假设$t_f$是固定的,$u(t)$没有约束;假设$H,R_{xx}\geq 0$(半正定),$R_{uu}(t)>0$(正定),根据公式(16)和公式(13)的定义,可以得到哈密顿量:

\[\mathscr{H}(x(t),u(t),\hat{J}_x(x(t),t),t)=\frac{1}{2}[x(t)^TR_{xx}(t)x(t)+u(t)^TR_{uu}(t)u(t)]+\hat{J}_x(x(t),t)[A(t)x(t)+B(t)u(t)] \tag{17}\]

根据公式(14),需要找到一个最优的$u(t)$,即$\hat u(t)$ ,使得$\mathscr{H}$最小,那么在没有约束的情况下,需要满足以下必要条件:

\[\frac{\partial\mathscr{H}}{\partial{u}}=u(t)R_{uu}(t)+\hat{J}_x(x(t),t)B(t)=0 \tag{18}\]

于是,根据上式可以得到一个最优控制率(Optimal Control Law):

\[\hat{u}(t)=-R_{uu}^{-1}(t)B(t)^T\hat{J}_x(x(t),t)^T \tag{19}\]

如果需要使上述最优条件充分且必要,还需要满足:

\[\frac{\partial^2\mathscr{H}}{\partial{u}^2}=R_{uu}(t)>0 \tag{20}\]

显然是成立的,因此该最优值是全局最小值。

下面把(19)的最优控制率代入到(17)中的哈密顿量中,得到:

\[\begin{aligned} \mathscr{H}(x(t),\hat{u}(t),\hat{J}_x(x(t),t),t)&=\frac{1}{2}[x(t)^TR_{xx}(t)x(t)+\hat{u}(t)^TR_{uu}(t)\hat{u}(t)]+\hat{J}_x(x(t),t)[A(t)x(t)+B(t)\hat{u}(t)]\\ &=\frac{1}{2}[x(t)^TR_{xx}(t)x(t)+[-R_{uu}(t)^{-1}(t)B(t)^T\hat{J}_x(x(t),t)^T]^TR_{uu}(t)[-R_{uu}(t)^{-1}(t)B(t)^T\hat{J}_x(x(t),t)^T]]+\hat{J}_x(x(t),t)[A(t)x(t)+B(t)[-R_{uu}^{-1}(t)B(t)^T\hat{J}_x(x(t),t)^T]]\\ &=\frac{1}{2}[x(t)^TR_{xx}(t)x(t)+\hat{J}_x(x(t),t)B(t)R_{uu}^{-1}(t)R_{uu}(t)R_{uu}^{-1}(t)B(t)^T\hat{J}_x(x(t),t)^T]+\hat{J}_x(x(t),t)A(t)x(t)-\hat{J}_x(x(t),t)B(t)R_{uu}^{-1}(t)B(t)^T\hat{J}_x(x(t),t)^T\\ &=\frac{1}{2}x(t)^TR_{xx}(t)x(t)+\hat{J}_x(x(t),t)A(t)x(t)-\frac{1}{2}\hat{J}_x(x(t),t)B(t)R_{uu}^{-1}(t)B(t)^T\hat{J}_x(x(t),t)^T \end{aligned} \tag{21}\]

于是根据(14)式,我们可以得到如下关系:

\[\begin{aligned} -\hat{J}_t(x(t),t)=\frac{1}{2}x(t)^TR_{xx}(t)x(t)+\hat{J}_x(x(t),t)A(t)x(t)-\frac{1}{2}\hat{J}_x(x(t),t)B(t)R_{uu}^{-1}(t)B(t)^T\hat{J}_x(x(t),t)^T \end{aligned} \tag{22}\]
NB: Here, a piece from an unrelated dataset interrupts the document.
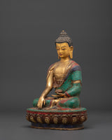 The Shakyamuni Buddha, crafted with precise features, is not only a stunning work of art but also a spiritual treasure that will complement any holy area. The copper body is robust and ageless, while the turquoise and coral inlays symbolize wisdom and vigor. This handmade statue honors the Buddha's teachings and will help you create a sense of tranquility and quiet in your environment. Whether you're looking to enhance your meditation practice or simply desire a meaningful decorative piece, this statue serves as a spiritual companion.
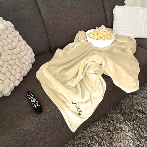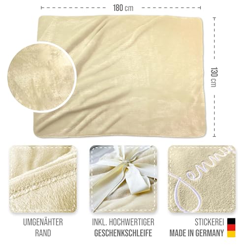 my STITCHERY Decke mit Namen oder Wunschtext Bestickt – Personalisierte Kuscheldecke aus weichem Polyester als außergewöhnliche Geschenkidee (Sand, 180 x 130 cm)

这是一个关于$\hat J$的偏微分方程,根据(16)可以很容易的知道$\hat J$的边界条件:

\[\hat{J}(x(t_f),t_f)=\frac{1}{2}x^T(t_f)Hx(t_f) \tag{23}\]

根据上述公式,我们可以大胆假设$\hat J$在所有时间$t$上均是$x(t)$的二次型(Quadratic Form),因此我们假设:

\[\hat{J}(x(t),t)=\frac{1}{2}x^T(t)P(t)x(t), \quad P(t)=P^T(t) \tag{24}\]

根据假设很容易得到:

\[\begin{aligned} &\hat{J}_x(x(t),t)=\frac{\partial\hat{J}}{\partial{x}}=x^T(t)P(t)\\ &\hat{J}_t(x(t),t)=\frac{\partial\hat{J}}{\partial{t}}=\frac{1}{2}x^T(t)\dot{P}(t)x(t)\\ \end{aligned} \tag{25}\]

将其代入到(22)中可以得到如下关系:

\[\begin{aligned} -\frac{1}{2}x^T(t)\dot{P}(t)x(t)&=\frac{1}{2} x^T(t)R_{xx}(t)x(t)+x^T(t)P(t)A(t)x(t)-\frac{1}{2}x^T(t)P(t)B(t)R_{uu}^{-1}(t)B^T(t)P(t)x(t)\\ &=\frac{1}{2} x^T(t)R_{xx}(t)x(t)+\frac{1}{2}x^T(t)\{P(t)A(t)+A^T(t)P(t)\}x(t)-\frac{1}{2}x^T(t)P(t)B(t)R_{uu}^{-1}(t)B^T(t)P(t)x(t)\\ &=\frac{1}{2}x^T(t)\{R_{xx}(t)+P(t)A(t)+A^T(t)P(t)-P(t)B(t)R_{uu}^{-1}(t)B^T(t)P(t)\}x(t) \end{aligned} \tag{26}\]

综合(23)和(26)中的结果,$P(t)$满足如下关系:

\[\begin{aligned} -\dot{P}(t)&=R_{xx}(t)+P(t)A(t)+A^T(t)P(t)-P(t)B(t)R_{uu}^{-1}(t)B^T(t)P(t)\\ P(t_f)&=H \end{aligned} \tag{27}\]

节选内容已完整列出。